A Three Dimensional Analysis of Au-Silica Core-Shell Nanoparticles Using Medium Energy Ion Scattering

The medium energy ion scattering (MEIS) facility at the IIAA Huddersfield has been used
for the analysis of a monolayer of Au-silica core-shell nanoparticles deposited on Si substrate.
Both spherical and rod shape particles were investigated and the spectra produced by 100 keV He+
ions scattered through angles of 90º and 125º were compared with the results of RBS-MAST [1]
simulations performed on artificial 3D model cells containing the nanoparticles. The thickness of
the silica shell, the diameter of the Au spheres, and the diameter and length of the Au nano-rods
were determined from best fits of the measured set of MEIS spectra.

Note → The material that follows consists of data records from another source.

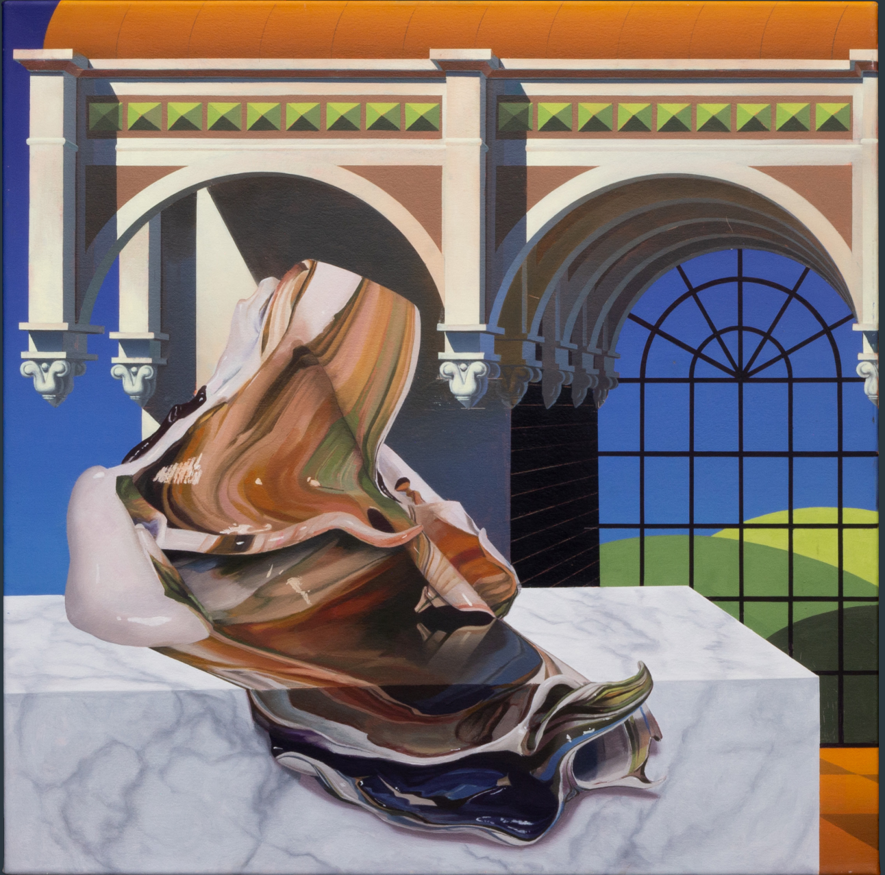
„Laziver Akt Mose“, 68 x 68 cm, Öl auf Leinwand, 2023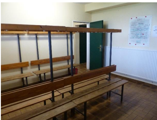
Abb. 1: große Kabine

Das Hygienekonzept ist gültig, bis neue Verordnungen aufgrund der Pandemieentwicklung das vorliegende obsolet erscheinen lassen.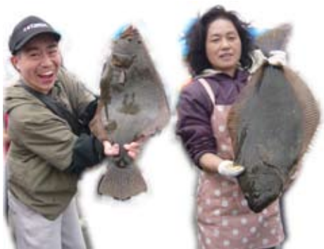
大物ゲット!おめでとう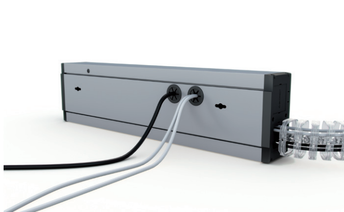
Duplo kit alimentación trasera y fijación. Duplo back feeding and fixing kit.

In addition, the effect of ion irradiation on the silica shell and gold core was monitored by
MEIS measurements in conjunction with RBS-MAST simulations. Ion bombardment was
performed under largely different conditions, i.e., by 30 keV Ar+, 150 keV Fe+, or 2.8 MeV N+
ions in the dose range of 2×1015 - 2×1016 cm-2. Significant changes in the particle geometry can be
observed due to ion beam-induced sputtering and recoil effects, the significance of which was
estimated from full-cascade SRIM simulations.
Rutherford backscattering spectrometry (RBS), Field emission scanning electron microscopy
(FESEM), and Atomic Force Microscopy (AFM) techniques have been applied as complementary
characterization tools to monitor the amount of gold and surface morphology on the un-irradiated
and irradiated sample areas. We show that MEIS can yield spatial information on the geometrical
changes of particulate systems at the nanometre scale.